Are length contractions limited by Planck length? While we are getting closer to speed of light our length in the direction of the movement is according to Lorentz transformation getting shorter. But we can not (even theoretically) consider length shorter than Planck length. So is speed in the universe limited more than we thought before quantum physics?
 A: 
While we are getting closer to speed of light our length in the direction of the movement is according to Lorentz transformation getting shorter.

This are two misconceptions here. One is that the way this is written implies that velocity is absolute. This is not the case. The "relativity" in relativity theory means exactly the opposite. Velocity is relative. 
The other misconception is with regard to the concept of length contraction. Suppose you are in a spaceship moving toward the Earth, traveling at a relativistic speed with respect to the Earth. Someone on Earth looking at you will see you as length contracted, but you won't see anything different with your own body. What you will see is that see distance between the spacecraft and Earth appears to be length contracted.
A: 
But we can not (even theoretically) consider length shorter than Planck length.

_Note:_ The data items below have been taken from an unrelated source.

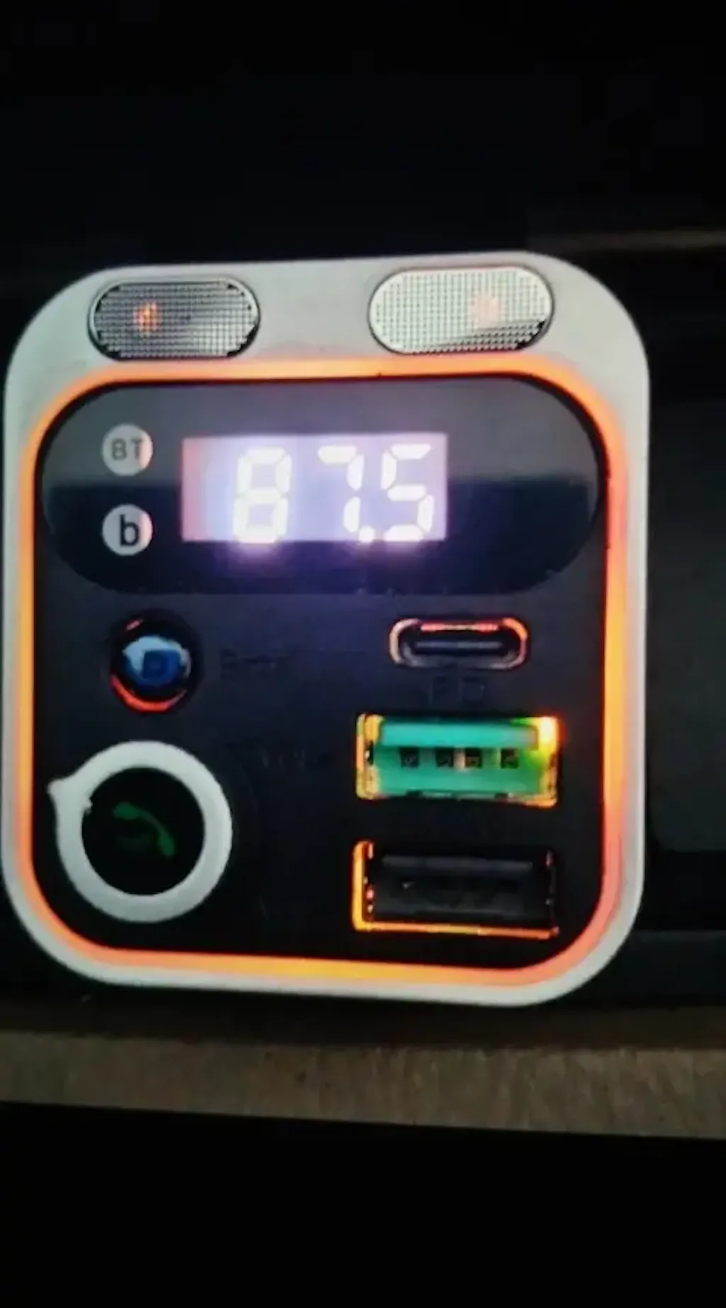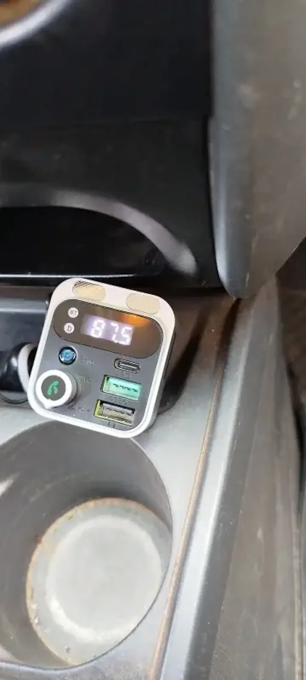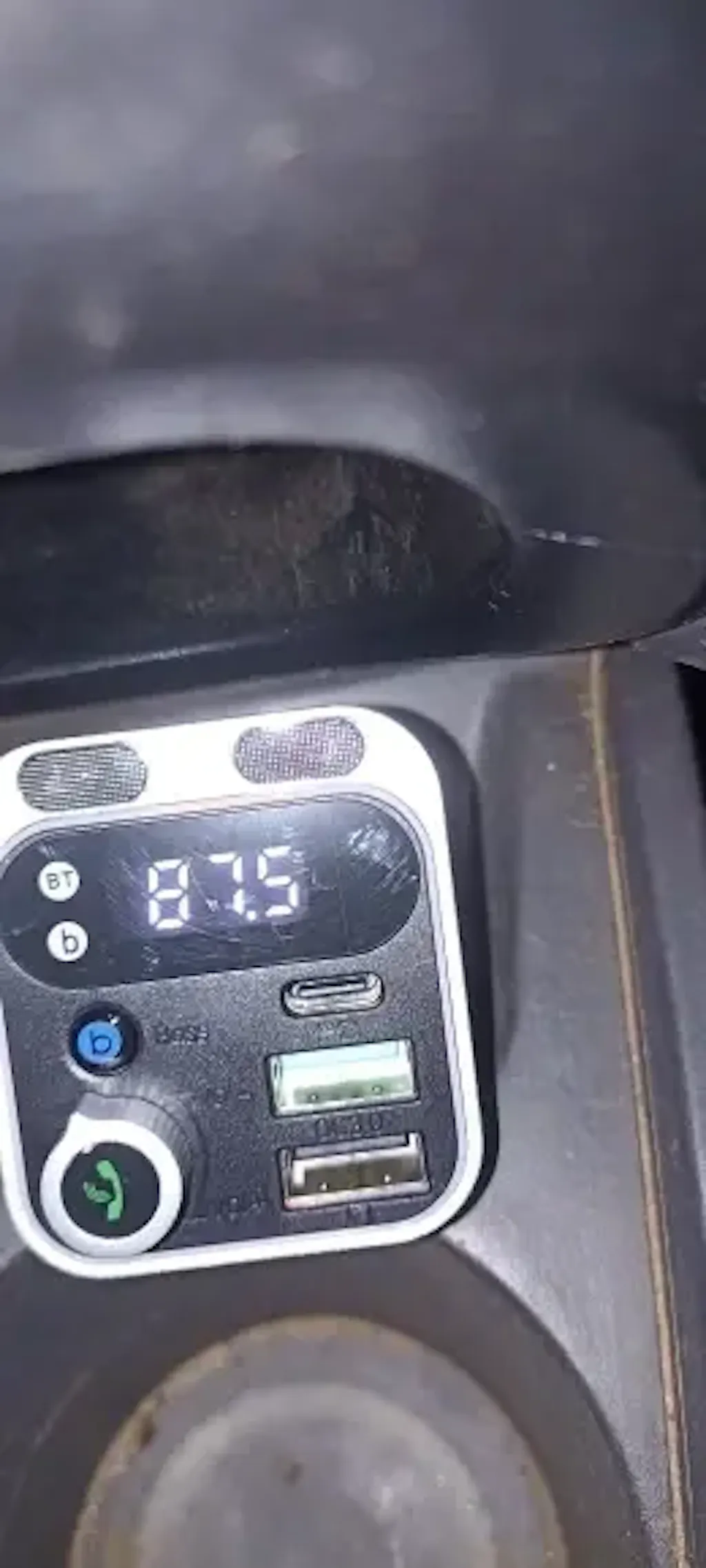 Enjoy smart driving with this Bluetooth 5.0 Car Charger FM Transmitter, featuring PD Type-C fast charging, dual USB ports, ambient LED light, hands-free calling, and MP3 music playback — the perfect all-in-one car accessory.
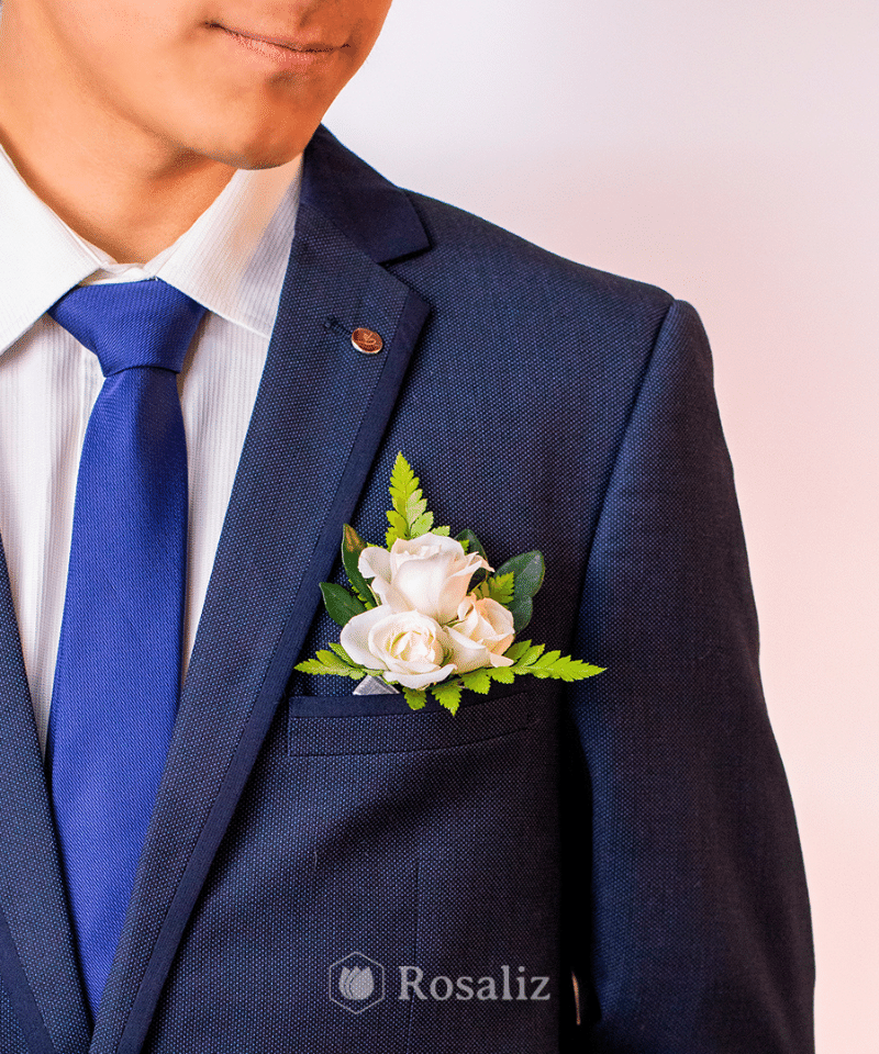 Botonier de mini rosas blancas con follaje y clip para engachar.
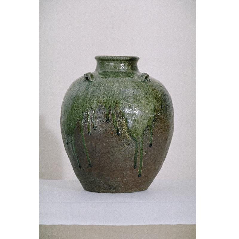 桃山時代以前の丹波の古陶。立杭(兵庫県多紀郡今田町)付近の三本峠・太郎三郎・源兵衛山・稲荷山などの山間の窖窯で焼かれた。主に無釉で大甕・壷・摺鉢などがある。この壷は紐土作りで、口は垂直に立上がり横に外反す玉縁状の口縁となり、肩は撫で肩で四耳をつける。胴は丹波焼き特有の猫かきがある。また、底部にロクロの軸受けの下駄印がある。肩から玉垂れになって流れちる自然釉(土灰釉)の青胡麻は見事である。
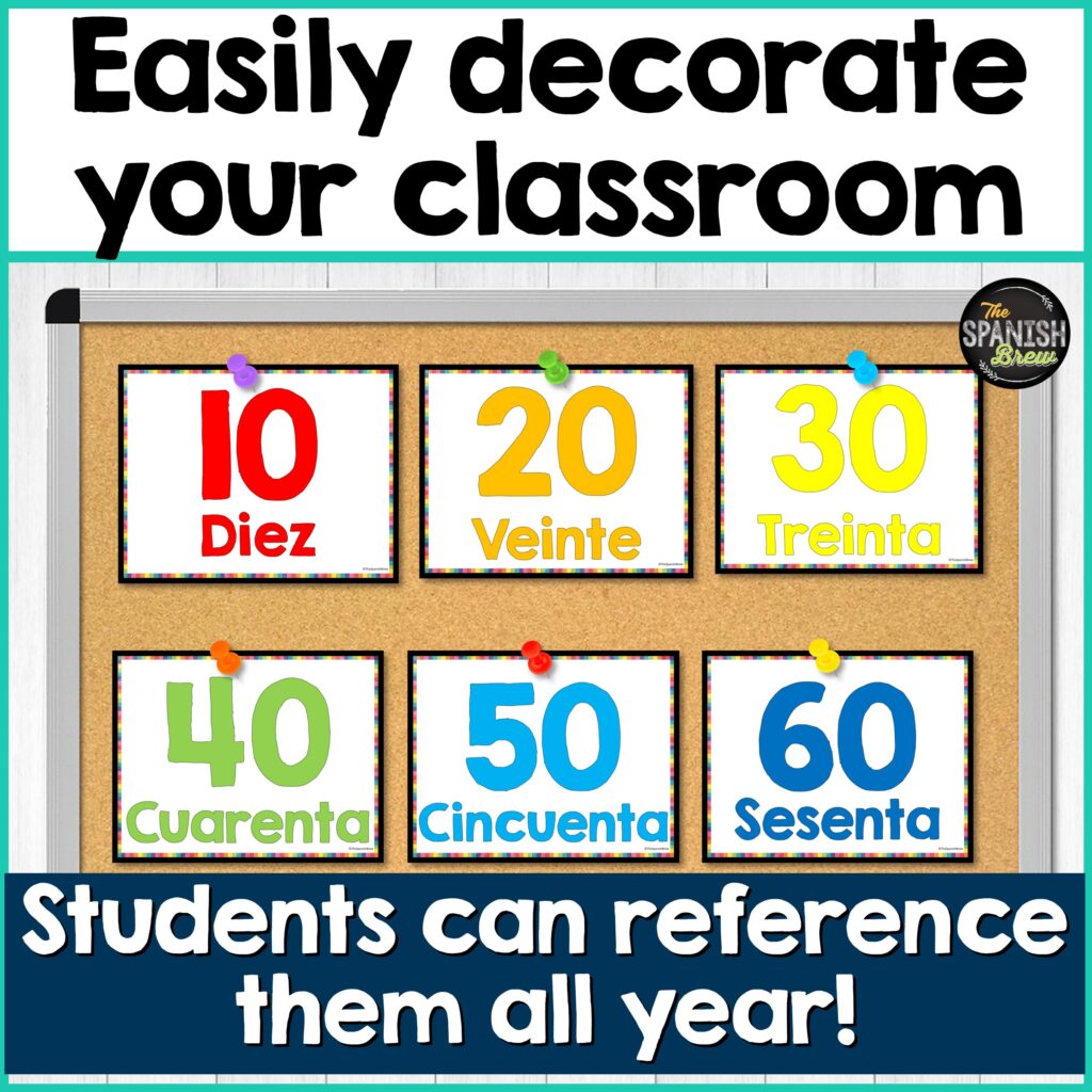 ✅ The posters make great Spanish classroom decor while reinforcing regular numbers.

This is a popular misconception. Treating Planck units as special is really more numerology than anything else. For example, the Planck mass is about the mass of a single biological cell. Does that mean physics doesn't apply to anything smaller (or is it larger?) than a cell?
Furthermore, the whole idea of relativity is that you can perform any subluminal frame transformation. If an object is 1 meter in size in one frame, then traveling at $(1-0.5\times10^{-70})\ c$ relative to that frame will contract it to $10^{-35}\ \mathrm{m}$. That's just how the moving observer would see things. It's not as though the object itself feels squished to such a small size.
For a proof by contradiction, suppose there were a speed limit based on not being able to length-contract anything to less than a Planck length. Would you accept that there could be objects of size 10 Planck lengths? If so, then we only need to boost by $0.995c$ to contract such an object to a Planck length. But we are easily able to achieve such relative speeds in the laboratory, and they happen throughout the universe all the time (e.g. with cosmic rays or quasar jets).
A: The Planck length is a quantum effect (among others). SO the answer is: yes, speeds in the universe are limited by c, and also by the Planck length, indirectly. However, this latter limit has never been measured nor achieved, so that in practice, the limit by c is sufficient.
All Planck values are limits.  There is no way to get a measurement result lower than the Planck length. This has been discussed at length in the literature. As an additional example, the Planck mass limits the energy that any elementary particle can have. The answer claiming the opposite is plain wrong. Planck values are not numerology, they are actual limits. Most famously, the Planck speed c, the speed of light, is an actual limit for speed of energy.
By the way: nobody has ever boosted a particle to a speed that makes it appear shorter than the Planck length, despite what the answers above claim. (Just put the numbers in and see by yourself.)